Besonders beachtenswert sind Technologie- und KI-bezogene Aktien. Diese Anlageklasse reagiert besonders empfindlich auf Zinserhöhungen. Takahide Kiuchi weist in dem Bericht darauf hin, dass ein anhaltender, von Japan ausgehender Anstieg der langfristigen Zinsen eine Abkühlung des KI-Booms an den Aktienmärkten auslösen könnte. Ein Rückgang der Kurse KI-bezogener Aktien würde die Fähigkeit der betroffenen Unternehmen weiter schwächen, über Eigen- oder Fremdkapitalfinanzierung große Investitionssummen aufzubringen, und damit die Expansion der physischen Investitionen in die KI-Infrastruktur bremsen.
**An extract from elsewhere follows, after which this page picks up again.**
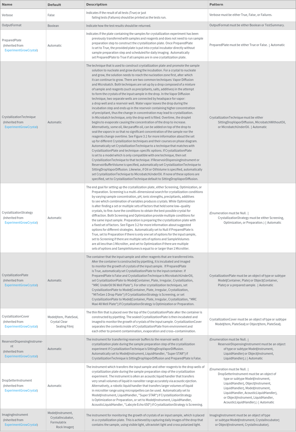 • This function runs a series of tests to ensure that the provided inputs/options, when passed to ExperimentGrowCrystal proper, will return a valid experiment.

„Dies könnte nicht nur eine allmähliche Abkühlung der globalen Wirtschaftstätigkeit bedeuten, sondern möglicherweise eine plötzliche wirtschaftliche Verlangsamung auslösen“, heißt es in dem Bericht. Das Nomura Research Institute ist der Ansicht, dass dies teilweise erklärt, warum die Trump-Regierung zu ungewöhnlichen direkten Interventionen gegriffen hat, um Japan von einem politischen Kurs abzubringen, der den Yen weiter schwächen und die langfristigen Renditen weiter in die Höhe treiben könnte.